As vendas do varejo físico durante a semana do Natal – a mais esperada pelos comerciantes – registraram queda de 1,4% em comparação com 2022, segundo pesquisa da Serasa Experian. Além disso, a avalanche de roupas importadas e vendidas nas plataformas de e-commerce desequilibrou a concorrência com o varejo nacional.

O resultado foi que, segundo a entidade, o segmento de vestuário teve um déficit de 8,3% na produção em 2023, em relação ao ano anterior, as importações de peças cresceram 27%, enquanto a exportação de têxteis e confecções diminuiu 11,3%.

O crescimento das importações de roupas afetou o desempenho da produção têxtil que não caiu, mas também não cresceu. O IPCA do vestuário cresceu 2,20% e o Índice de Preço ao Produtor Têxtil (IPP) recuou 6,7% entre janeiro e outubro de 2023, enquanto o IPP do vestuário cresceu 7,54% no mesmo período. (veja tabela).

Têxtil: Indústria procura acelerar mudanças ©QD Foto: iStockPhoto
Pimentel: agenda climática é prioridade no setor

“O ano de 2023 não foi fácil; tivemos indicadores negativos na produção de vestuário e no consumo de têxteis, vestuário e calçados. Para 2024, nossa expectativa não é exuberante, mantemos um otimismo bem cauteloso, dependendo das medidas que venham a ser tomadas. Por exemplo, a reoneração da folha de pagamentos (uma queda de braço entre Legislativo e Executivo, este querendo retomar a partir de abril a cobrança da Contribuição Patronal Previdenciária de 17 setores produtivos, com escalonamento de alíquotas até 2027, quando deve voltar a 20%) é prejudicial ao setor, pois onera o produtor local e desonera o internacional, isso não tem nexo.
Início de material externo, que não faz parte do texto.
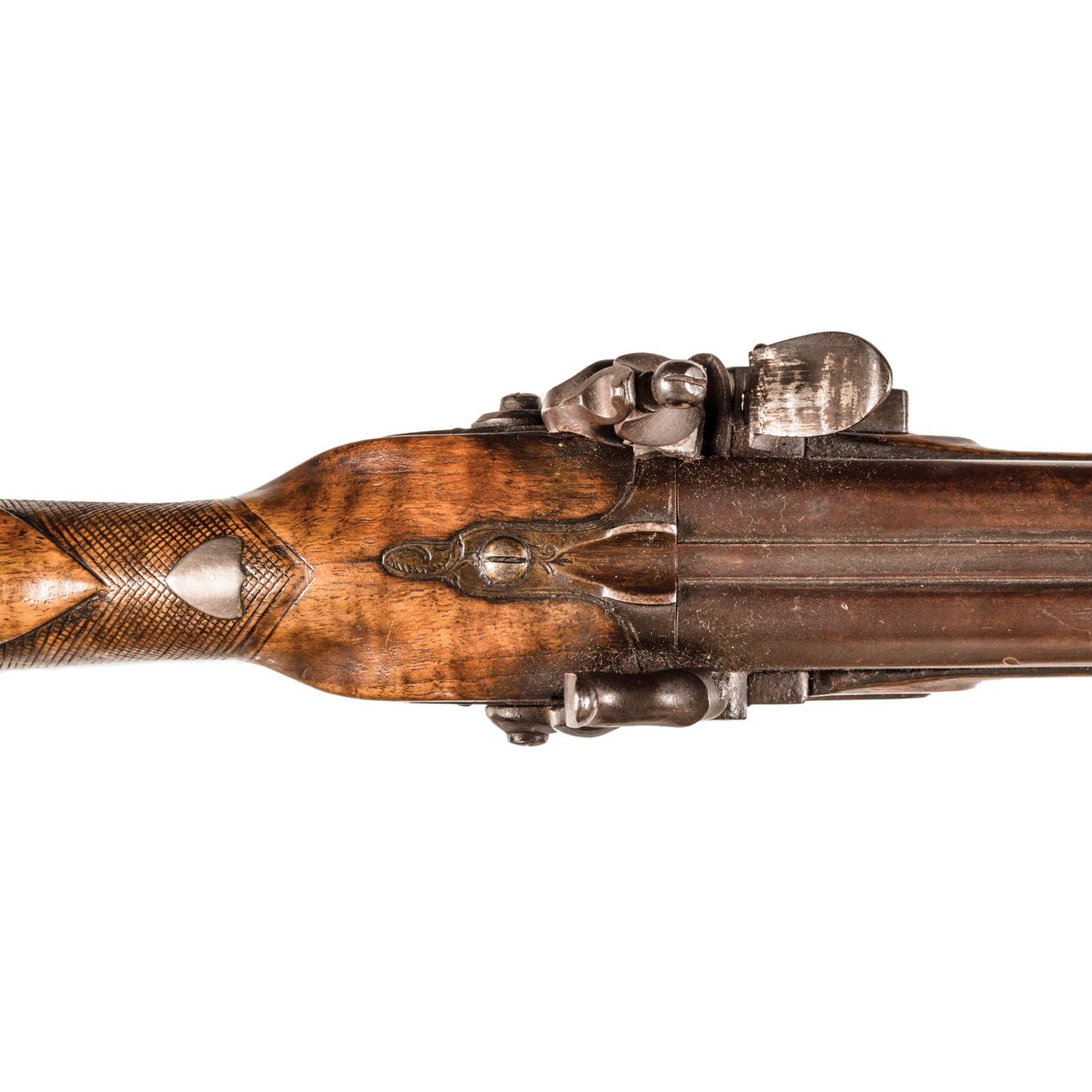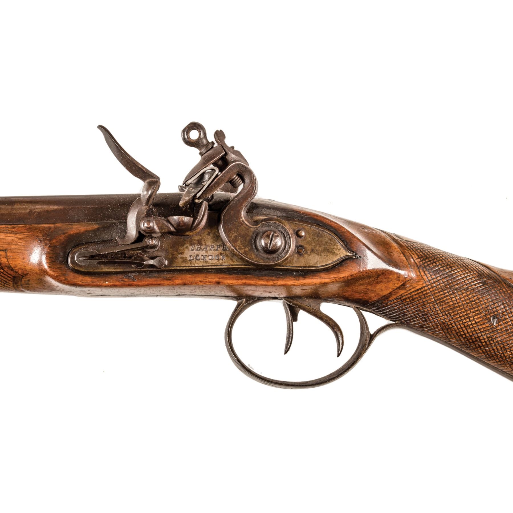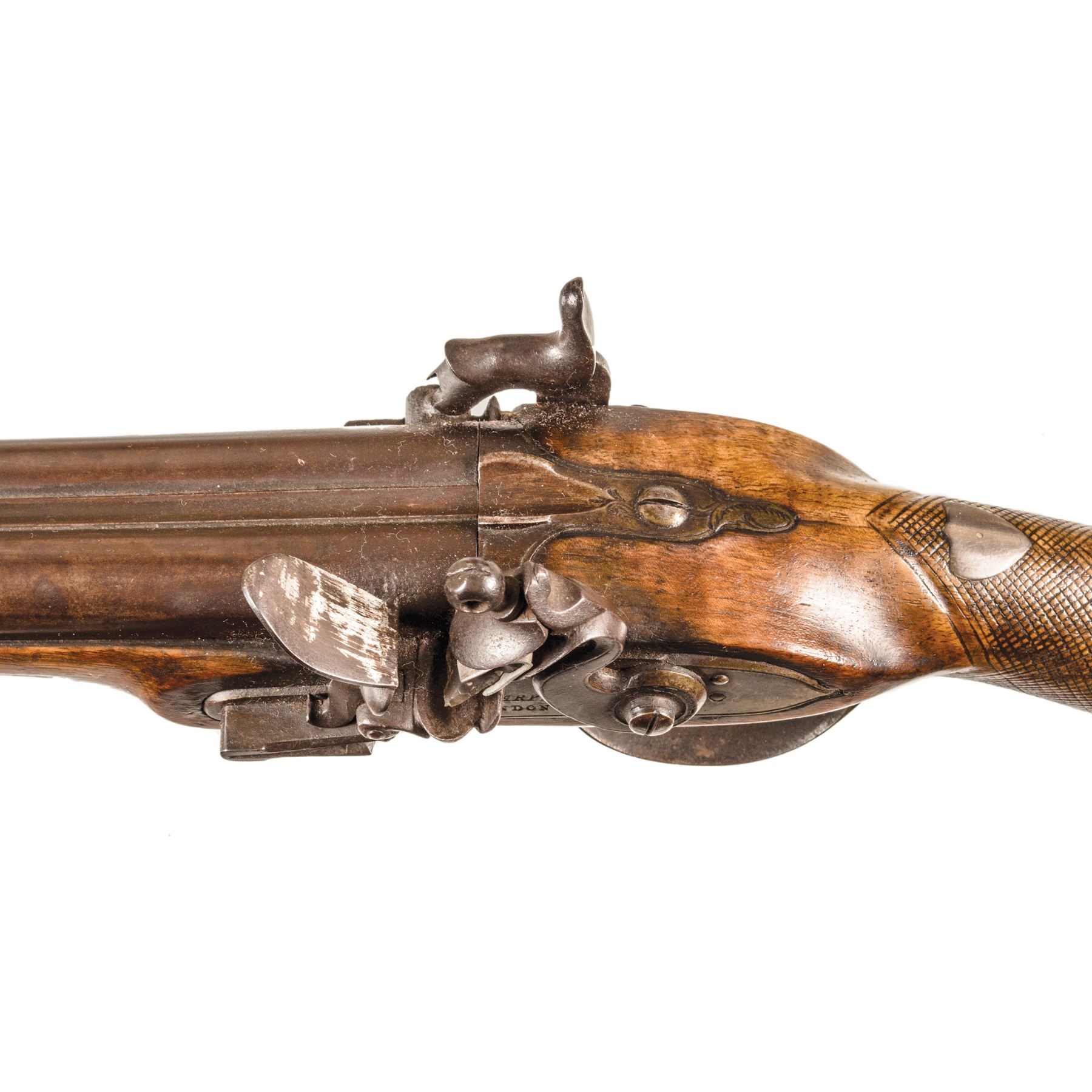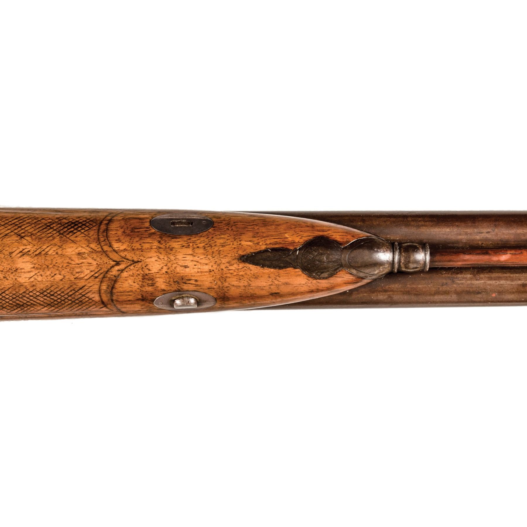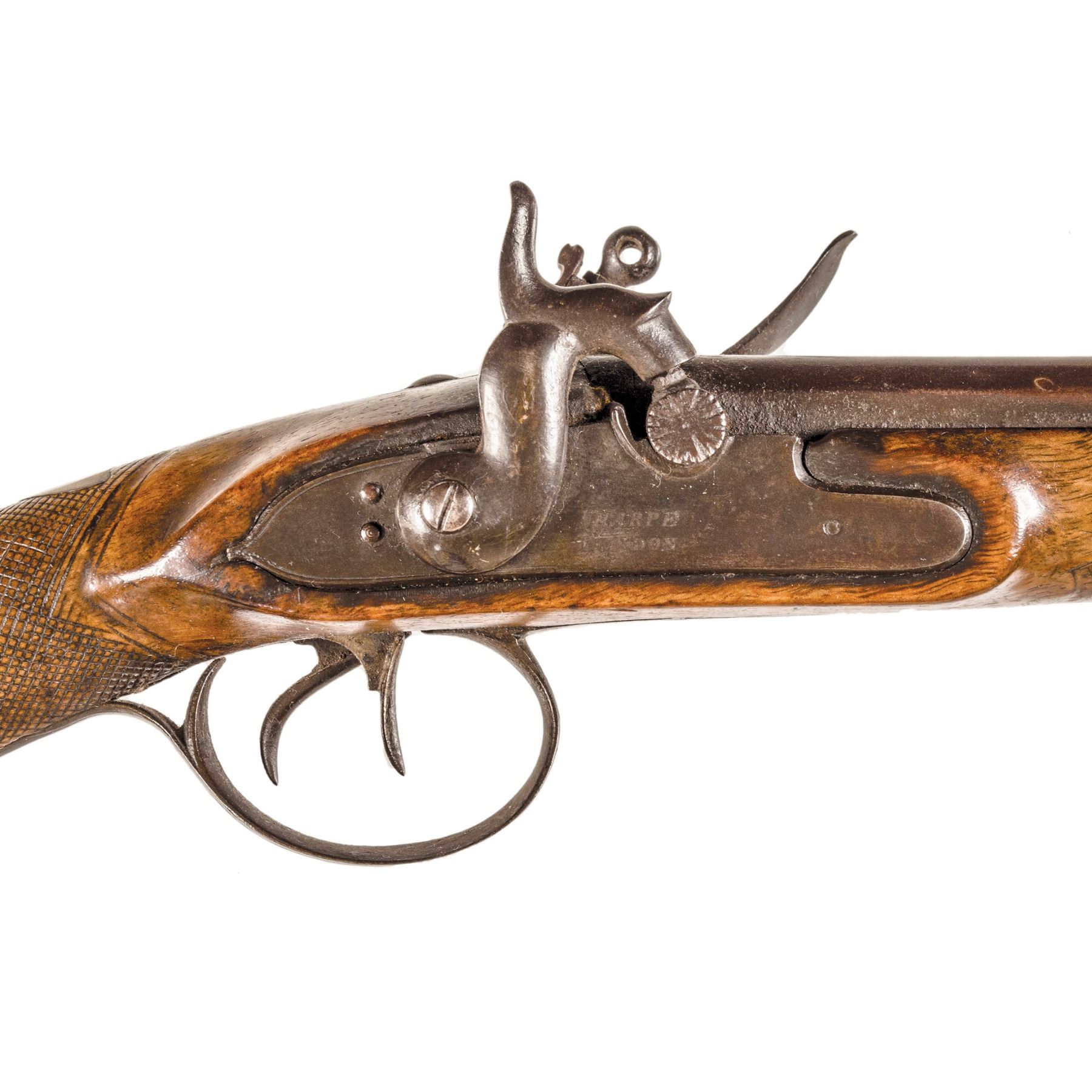 This example measures 50.5" overall having a 34.25" .58 cal. 22 bore steel round barrels with simple decorative detail at the breech. Plain boarder engraved locks marked: “SHARPE, LONDON”. Engraved Steel furniture with German Silver barrel key escutcheons. The stock has nice checkering and is solid with only light scratches and dings from years of handling. An interesting Double Barrel flint Fowler, where the original owner was smart and only had One Side converted to percussion! In good working order.

Nosso crescimento não será muito diferente do crescimento estimado do PIB que é da ordem de 1,5%. Seja como for, se crescermos nessa faixa, estaremos sobre uma base que caiu, entre têxtil e confecção, 4,2% em 2023. Vamos trabalhar para aumentar também nossas exportações, seja pelos métodos convencionais, ou pelas pequenas encomendas. Em suma, temos que andar rápido em nossas
agendas, e observar a questão dos fenômenos climáticos, que é uma realidade inclusive no Brasil”, disse Fernando Pimentel.

Desarranjo

A situação ruim de mercado, como avaliou o Instituto IEMI – Inteligência de Mercado, começou na pandemia, uma vez que a turbulência gerada pelos períodos de lockdown desarranjou as cadeias de fornecimento em todo o mundo.

O economista Marcelo V. Prado, diretor do IEMI (veja entrevista adiante), responsável pelo estudo, analisa: “estamos voltando à normalidade, com a estabilização de preços e custos de produção, depois de tantos sobressaltos vividos à época da pandemia (2020-21). Essa estabilização e o próprio desempenho do PIB devem oferecer um padrão de crescimento de 2% a 3% para o setor têxtil no Brasil, enquanto o enxugamento do crédito ao longo de 2023 tem desestimulado os investimentos. Entendo que a Reforma Tributária aprovada pelo Congresso, recentemente, por uma série de razões, inclusive pelo seu tempo de implantação, não deverá trazer mudanças significativas na competitividade do setor têxtil, nem na economia brasileira como um todo, ao menos nos próximos anos. No momento, estamos a assistir um governo que promove aumentos de gastos, déficits públicos enormes, tendo como grande foco de sua política pública, o aumento de impostos”.

Prado reconhece que houve avanços nos últimos anos ao destacar a nova composição da matriz energética brasileira com o crescimento da participação da energia eólica e fotovoltaica, o uso cada vez mais amplo de biomassa e outros resíduos ambientalmente sustentáveis pelas indústrias, como alternativa aos combustíveis fósseis (na geração de calor), entre outros, mas afirma que o Custo Brasil ainda é um empecilho para a competitividade internacional.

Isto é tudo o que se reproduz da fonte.